MAYOR Geefre “Kalay” Alonsabe of Alimodian, Iloilo, a Liberal Party (LP) member, was the lone municipal mayor who joined Iloilo Governor Arthur “Art” Defensor Sr. when Davao City Mayor Rodrigo “Rody” Duterte, a PDP-Laban stalwart and rumored presidential aspirant, visited the Iloilo Provincial Capitol on Friday morning.

If the LP hierarchy is not jealous, it will not sanction Alonsabe, who seemed to be more excited and interested only on Duterte as a tough guy or a macho man, than as a potential rival of LP’s presumed standard bearer in 2016, Department of Interior and Local Government (DILG) Sec. Mar Roxas.

Alonsabe’s personal admiration for Duterte does not mean he is willing to shift allegiance from LP to PDP-Laban.

Admiration is different from loyalty.

He admires Duterte but his loyalty is still probably with Roxas.

Currently scouring for more grassroots support, Duterte would love to be adopted by Alonsabe and other Iloilo mayors who are mostly LP allies.

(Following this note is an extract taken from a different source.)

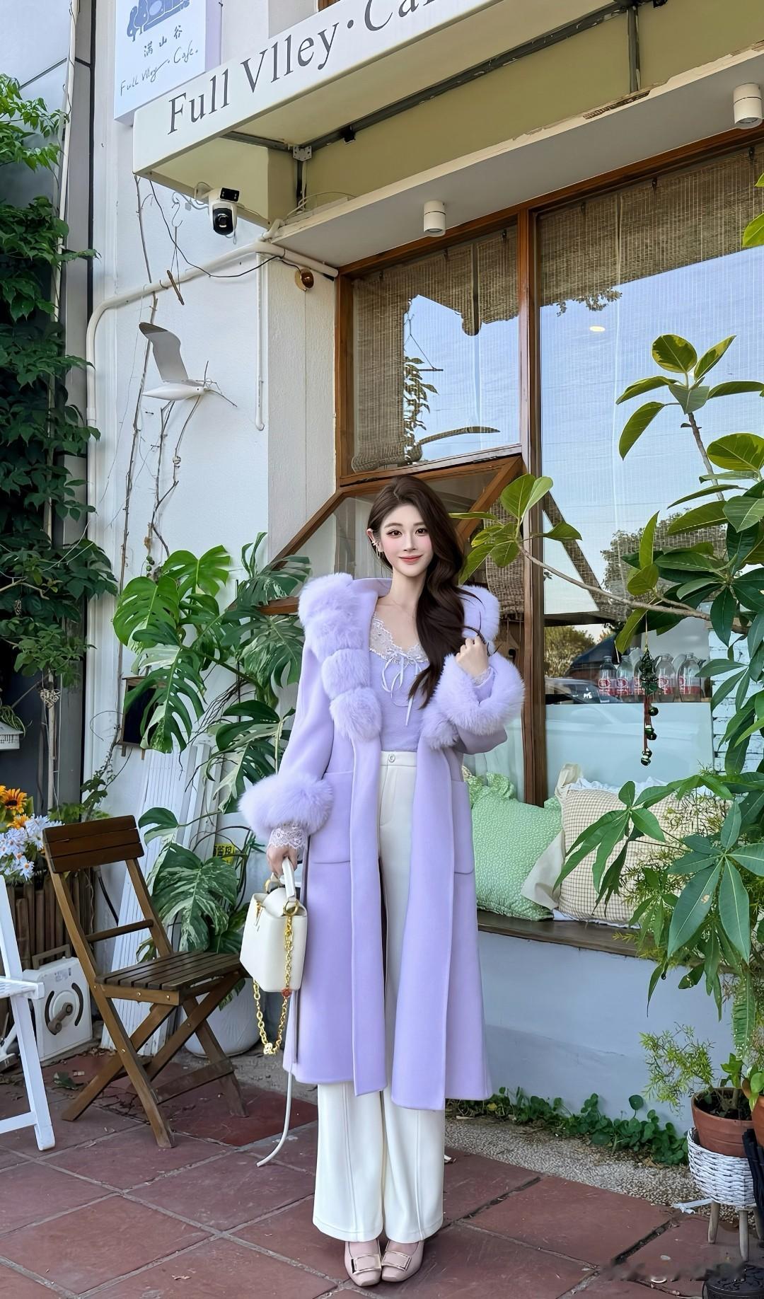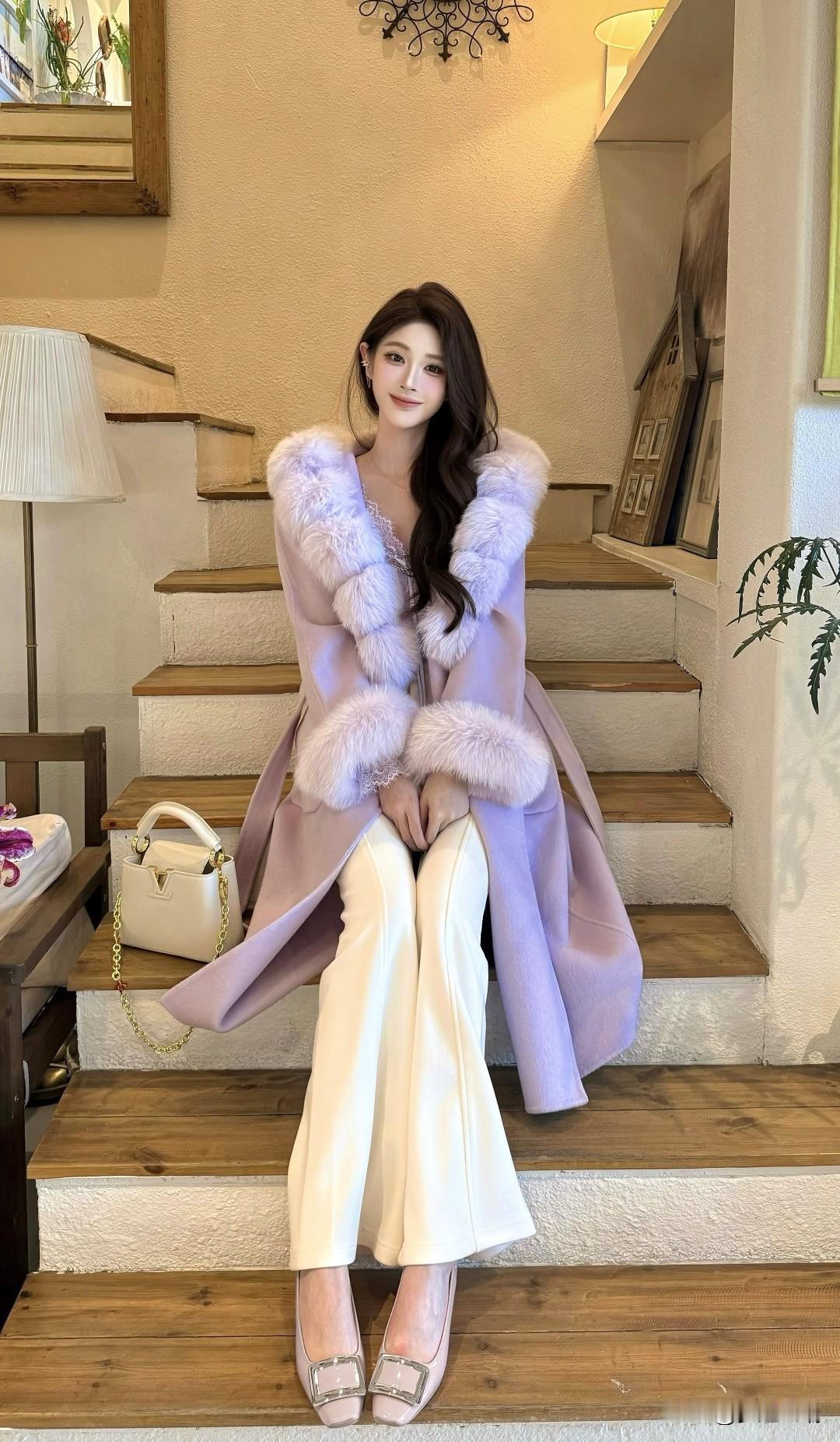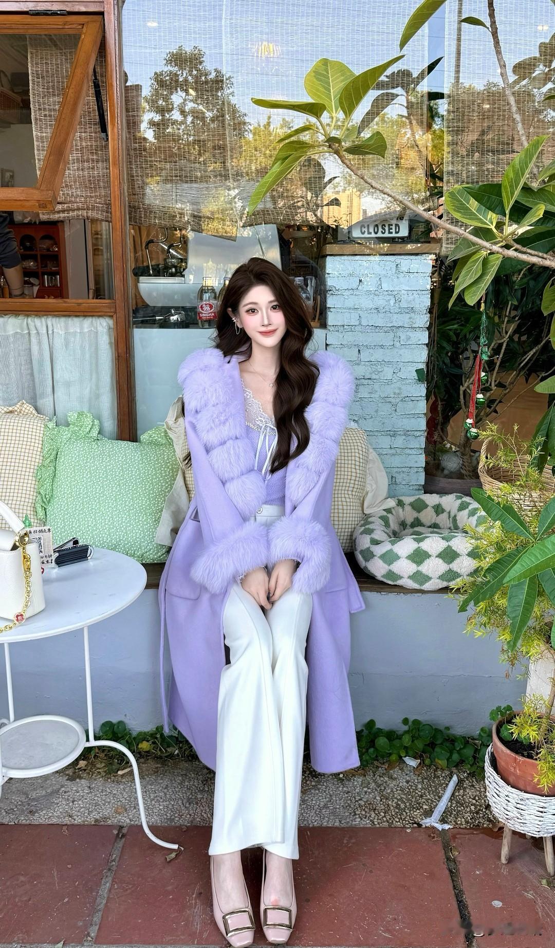 冬日暖阳下,浅紫色毛绒大衣搭配白色长裙,优雅动人。

Duterte did not have any idea, of course, that Alonsabe, an aggressive and popular public servant, is facing a graft case in the Ombudsman for the release of P3.241-million fertilizer funds in 2004 to a cooperative linked to former Iloilo second district congressman Augusto “Boboy” Syjuco Jr.

Duterte’s campaign in Western Visayas is expected to snowball with the help of his well-respected regional coordinator, Rotarian and lawyer Hansel Didulo.


If the mea culpa committed recently by Iloilo City Mayor Jed Patrick Mabilog in the signing of the memorandum of agreement (MOA) on the enforcement of the wheel clamping ordinance happened when the city mayor was Mansueto Malabor, the city council would have been up in arms.

Malabor could not commit an error without being bamboozled by opposition leader Councilor Perla Zulueta (now a consultant of Mabilog).

Under a vigilant and confrontational city council then, debates and conflicts were healthy signs that our government officials were doing their job.

With the executive and legislative branches engaging in a Punch and Judy show, media had a field day.

That’s how the check and balance worked if the two branches of government—executive and legislative—are independent of each other.

Thanks to the 12-0 win of the Liberal Party city council bets in the 2013 local elections, nobody will be willing to rap partymate and political benefactor Mabilog in the knuckles.


What happened was an honest mistake, according to Mabilog.

Because of the volumes of papers that the city mayor regularly signs on his table, he “mistakenly” inked his signature on the MOA with 3L company, which should have been forwarded first to the General Services Office (GSO).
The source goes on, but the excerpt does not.